US 12,217,495 B2
Learning process device and inspection device
Ken Wada, Tokyo (JP)
Assigned to Syntegon Technology K.K., Tokyo (JP)
Appl. No. 17/642,423
Filed by SYNTEGON TECHNOLOGY K.K., Tokyo (JP)
PCT Filed Sep. 16, 2020, PCT No. PCT/JP2020/035141
§ 371(c)(1), (2) Date Mar. 11, 2022,
PCT Pub. No. WO2021/054376, PCT Pub. Date Mar. 25, 2021.
Claims priority of application No. 2019-168127 (KE), filed on Sep. 17, 2019.
Prior Publication US 2022/0343640 A1, Oct. 27, 2022
Int. Cl. G06V 10/82 (2022.01); G06T 7/00 (2017.01); G06V 10/774 (2022.01); G06V 10/776 (2022.01)

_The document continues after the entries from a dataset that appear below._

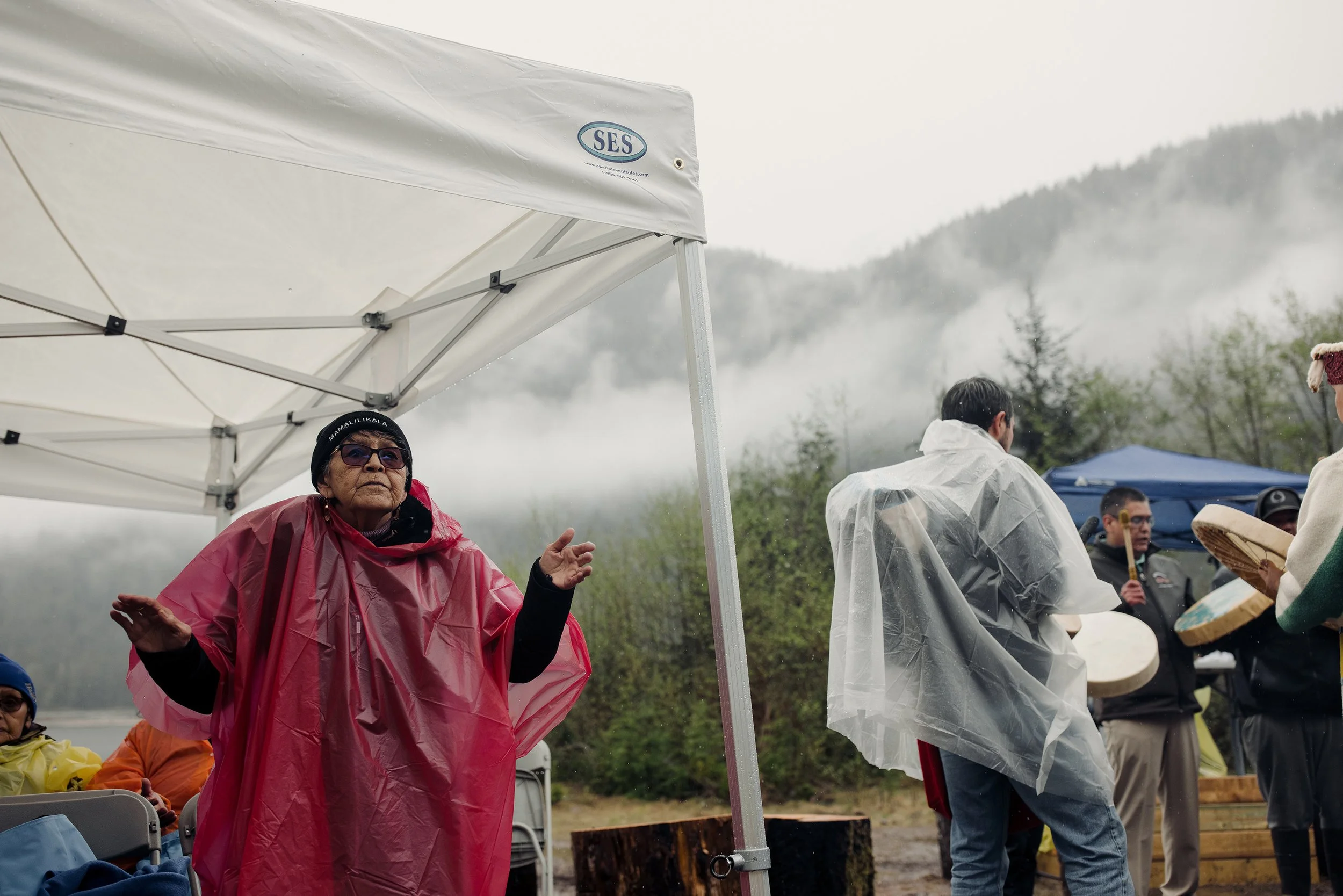 KEVIN CRANMER DRIED HIS DRUM BY THE FIRE AND PEOPLE WARMED UP WITH SEAFOOD CHOWDER WHEN MORE THAN 100 PEOPLE GATHERED FOR THE MAMALILIKULLA’S IPCA DEDICATION CEREMONY, INCLUDING REPRESENTATIVES FROM THE B.C. GOVERNMENT. BUT THE FEDERAL GOVERNMENT STILL HAS NOT FORMALLY RECOGNIZED THE PROTECTED AREA.
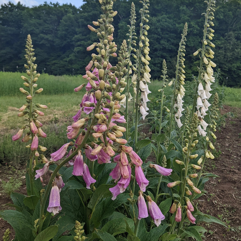 A lovely biennial digitalis mix in complementary shades of purple, pink, and white. If planted early, some plants will bloom the first year; the full mix should reveal itself the following year. Self sows readily if happy. Reaches heights of 2-3'. Will tolerate partial shade. Note that Foxglove is poisonous if ingested.
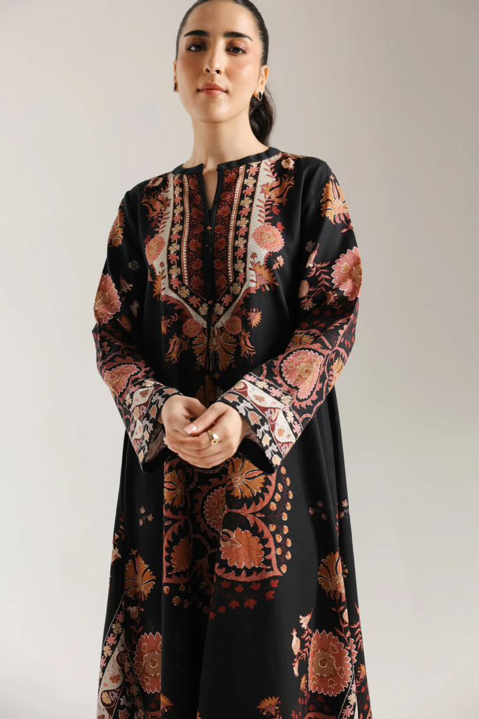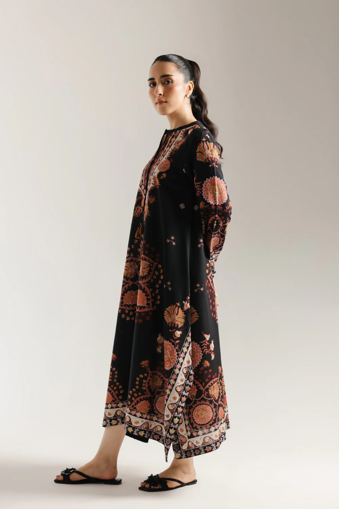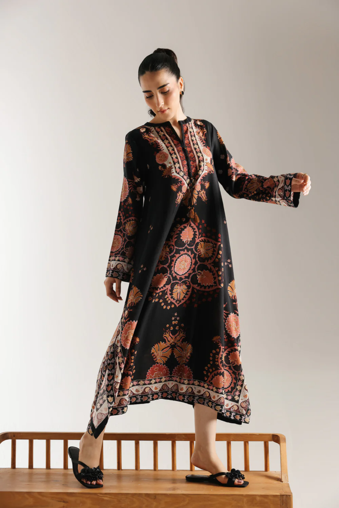 Envelop yourself in bohemian elegance. This captivating embroidered dress features a rich black base adorned with an intricate, all-over print in warm hues of terracotta, cream, and subtle green. The flowing silhouette is accentuated by beautifully detailed patterns that evoke a sense of global artistry, while the tassel-accented neckline adds a touch of playful sophistication. This dress is a statement piece, perfect for those who appreciate unique design and effortless grace.
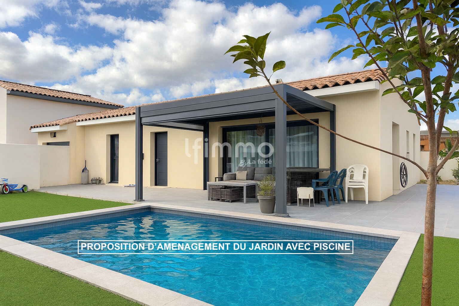 Maison neuve plain-pied à vendre à Moussan – 108 m² – 3 chambres – Terrain 400 m² – Pergola bioclimatique – Dpe A
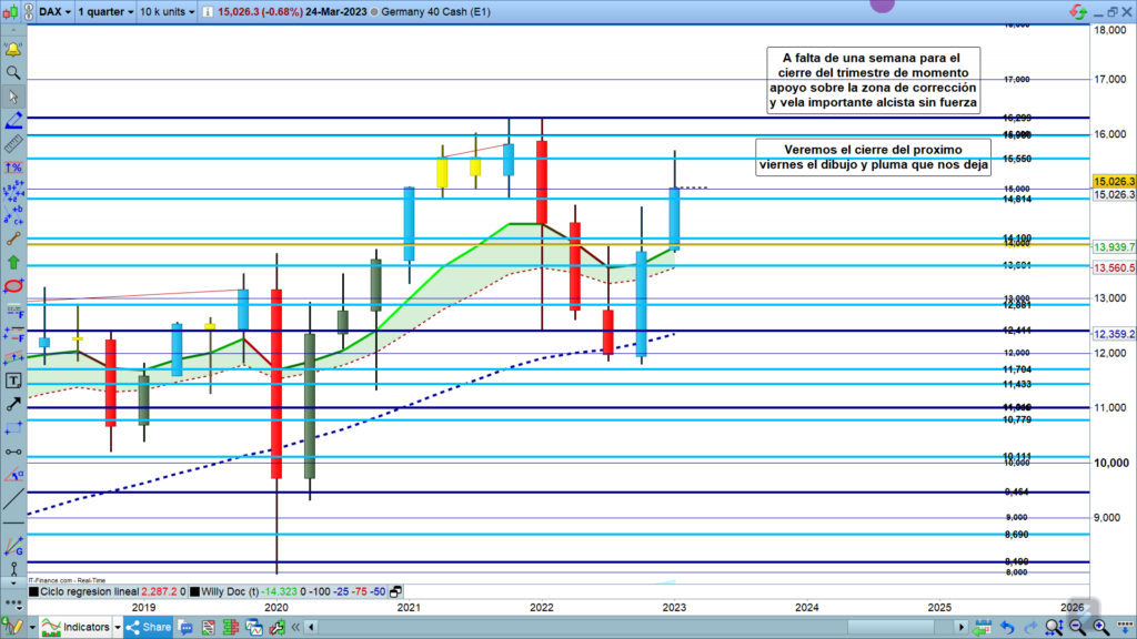 En el gráfico trimestral del Dax40, a falta de una semana, para el cierre del trimestre, de momento vemos como este trimestre, después del quiebre de la zona de corrección con el cierre de fin de año, de momento tenemos una vela por finalizar. Sin duda, dependiendo del recorrido de esta semana, tendremos un tipo de vela u otro, podemos tener una vela de continuidad, o tener una vela de clara fuerza bajista, con una pluma superior más grande que el mismo cuerpo de la vela.
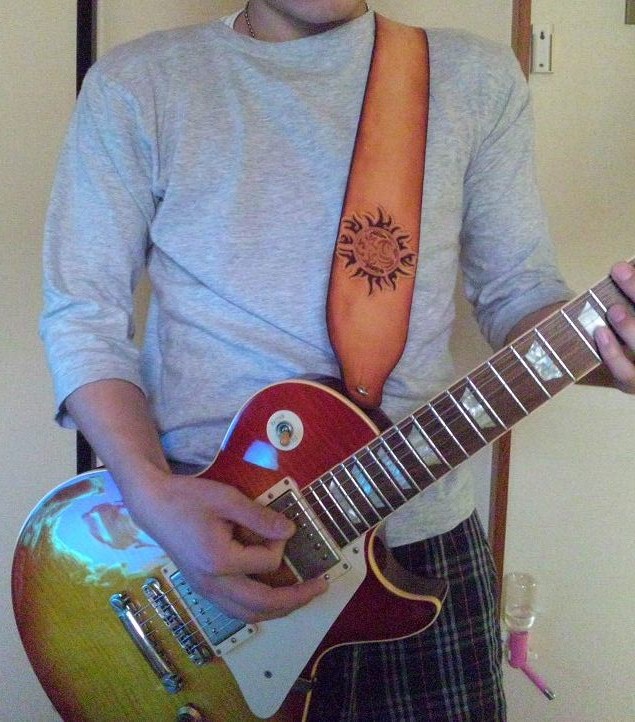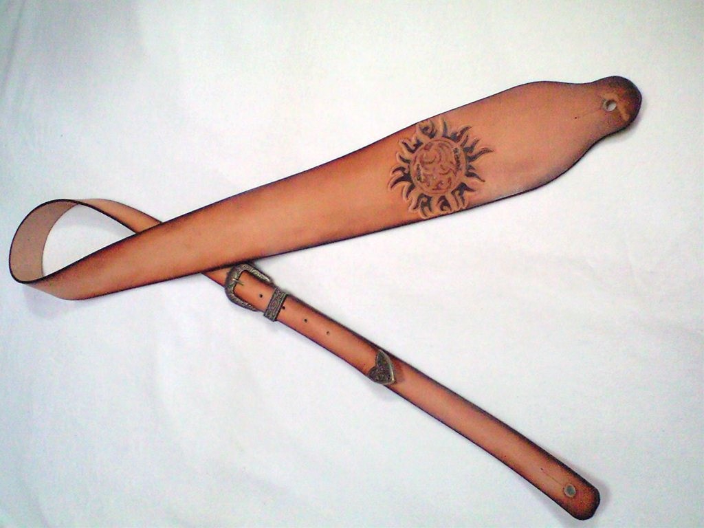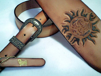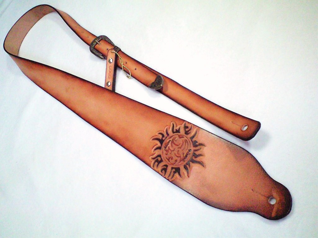腕のタトゥーの模様をそのままストラップ前面に彫り込んだものです。カービングをして立体感を出すためには、ある程度の大きさが必要なので、このようなフォルムになりました。全体のぼかし染めも含めて全て同一色の染料の濃淡で染め分けています。
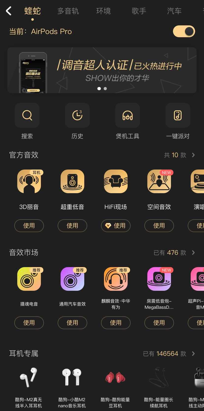 随着硬件技术的完善和曲库的日益扩大,乐迷对于“音效”这一词汇不再陌生。对于酷狗音乐来说,让用户的“音效”体验感越来越好是非常重要的事情,酷狗蝰蛇音效通过九年的不间断努力,让改变音乐听感变得简单有效,并满足多场景下不同音乐听众的需求,截至目前,蝰蛇音效上架了超12万款音效,积累多达4.7亿庞大用户量,拥有超1500调音师入驻。
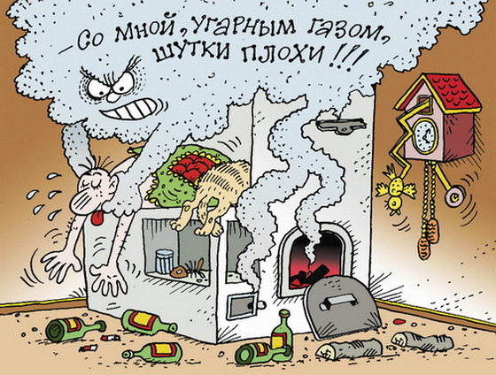 А для того, чтобы не получить отравление угарным газом, помните, что нельзя преждевременно закрывать заслонку печей (пока угли полностью не прогорят). Не используйте для отопления помещений газовые бытовые приборы и аппараты (например, газовые плиты). Открытое пламя выжигает кислород в помещении, и его становится недостаточно для нормальной работы горелок. Из-за недостатка кислорода газ сгорает не полностью — образуется угарный газ. Нахождение в помещении, воздух которого содержит 0,2% угарного газа, в течение 1 часа вредно для здоровья, а при содержании 0,5% угарного газа находиться в помещении в течение 5 минут опасно для жизни. Нельзя пользоваться газовым оборудованием или другими теплогенерирующими агрегатами и устройствами при неисправных дымоходах и вентиляционных каналах.
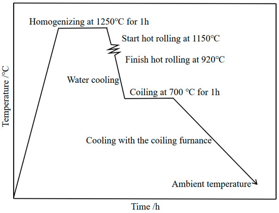 The chemical composition of 0Cu-DH steel and 0.15Cu-DH steel is depicted in Table 1. The raw materials are initially melted in a vacuum smelting furnace, and subsequently cast to form steel ingots. These ingots are heated to 1200 °C for 30 min, then forged to produce elongated forging billets. To facilitate laboratory rolling, the forging billets are cut into rectangular shapes measuring 30 mm in thickness, 80 mm in width, and 100 mm in length.
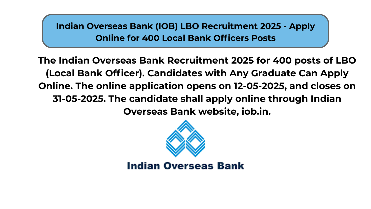 Indian Overseas Bank (IOB) LBO Recruitment 2025 – Apply Online for 400 Local Bank Officers Posts
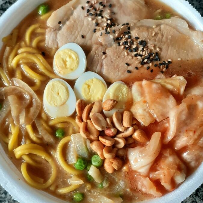 Ramen ou Lámen feito com massa tradicional e caldo picante de missô, shoyu e fundo de carne suína, acompanha ovos de codorna, cebola, ervilha, amendoim crocante, Kimchi coreano picante, lombo suíno marinado em temperos orientais
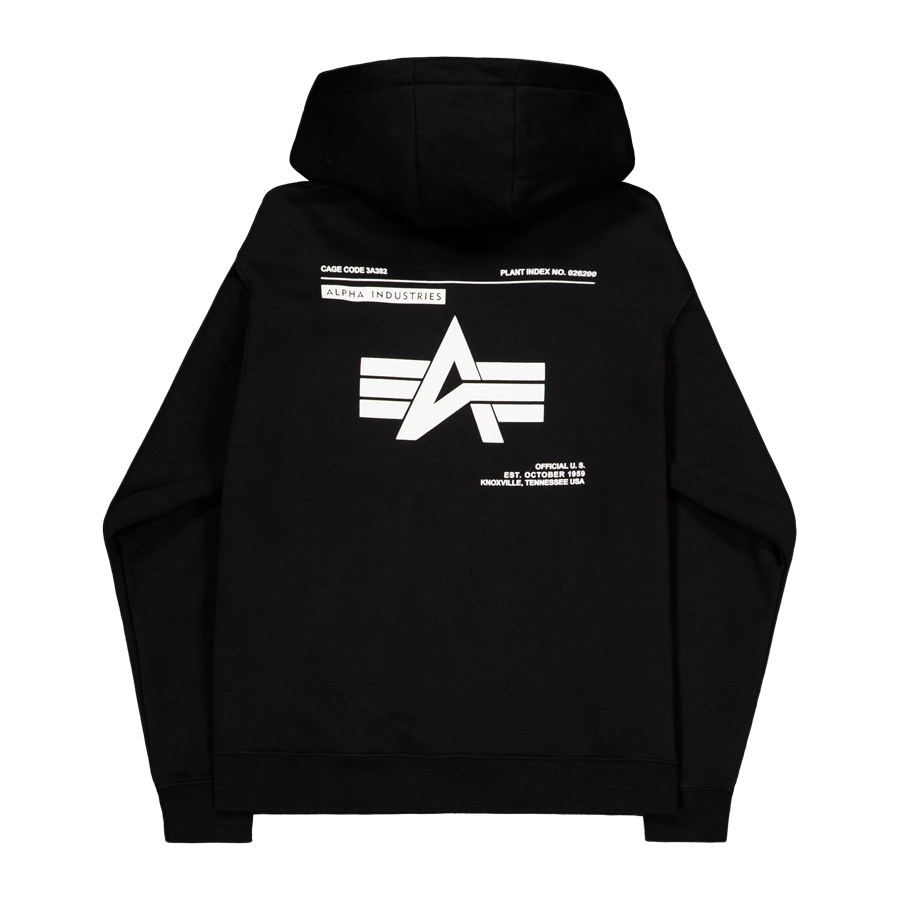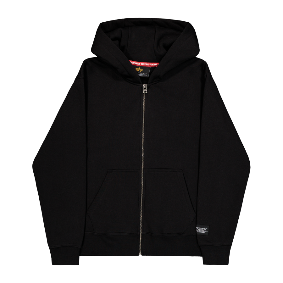 Label Zip Back Print Hoodie - black
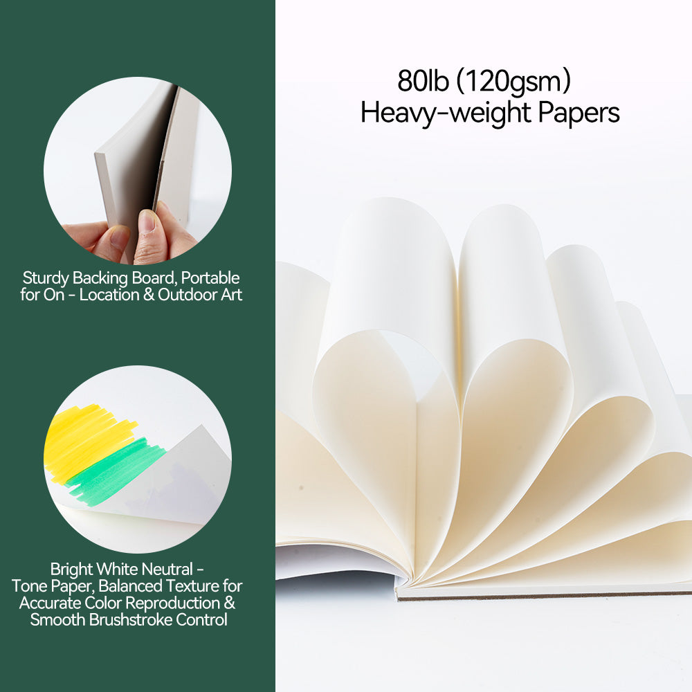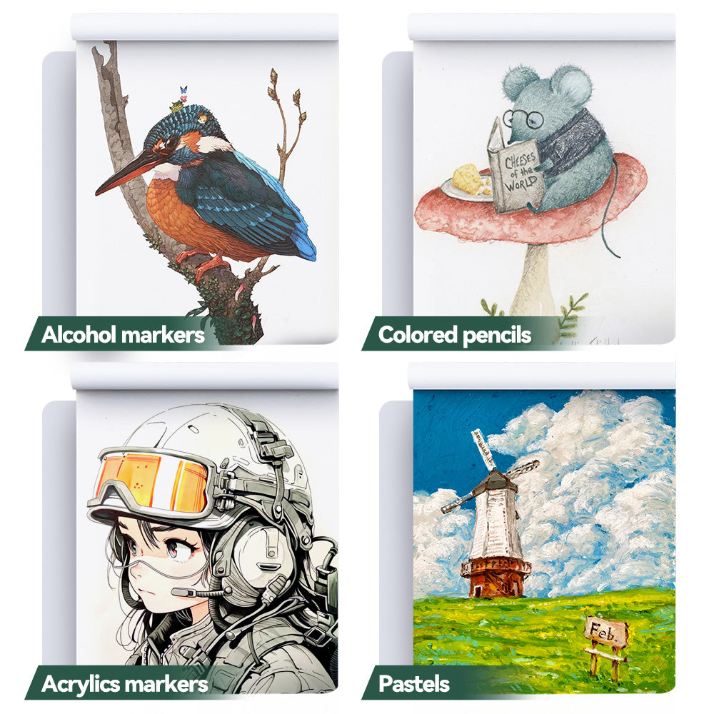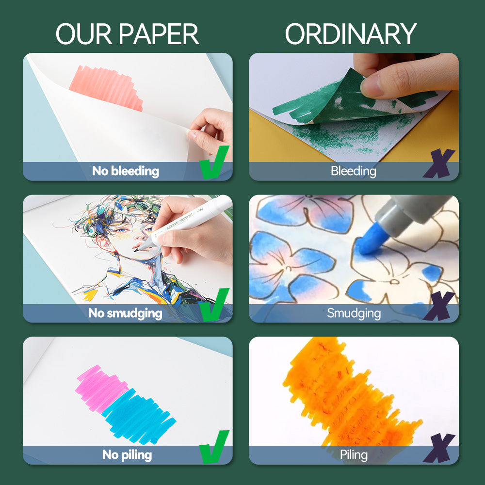 • This pad is versatile, suitable for different medium, support alcohol markers, acrylics markers, watercolors, gouache, inks, pencils and pastels, etc.
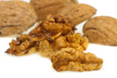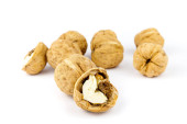 Zestaw orzechów włoskich na białym tle. Koncepcja zdrowej przekąski.

CPC G06V 10/82 (2022.01) [G06T 7/0004 (2013.01); G06V 10/7747 (2022.01); G06V 10/776 (2022.01); G06T 2207/20081 (2013.01); G06T 2207/30108 (2013.01)] 4 Claims
OG exemplary drawing
 
1. A learning processing apparatus for constructing a neural network model for use in inspection of an inspection target based on image data obtained by capturing an image of the inspection target and the neural network model,
the learning processing apparatus comprising:
a learning unit configured to execute learning processing under predetermined learning conditions based on a list of image data including a plurality of learning images to construct a neural network model,
wherein the learning unit is configured to assign, when the list of image data or the learning conditions is at least partially changed, unique model identification data to a combination of the list of image data and the learning conditions in which the list of image data or learning conditions is changed and embed the unique model identification data with respect to a neural network model constructed with the list of image data and the learning conditions, thereby embedding unique model identification data in the neural network model, each time the learning unit constructs the neural network model.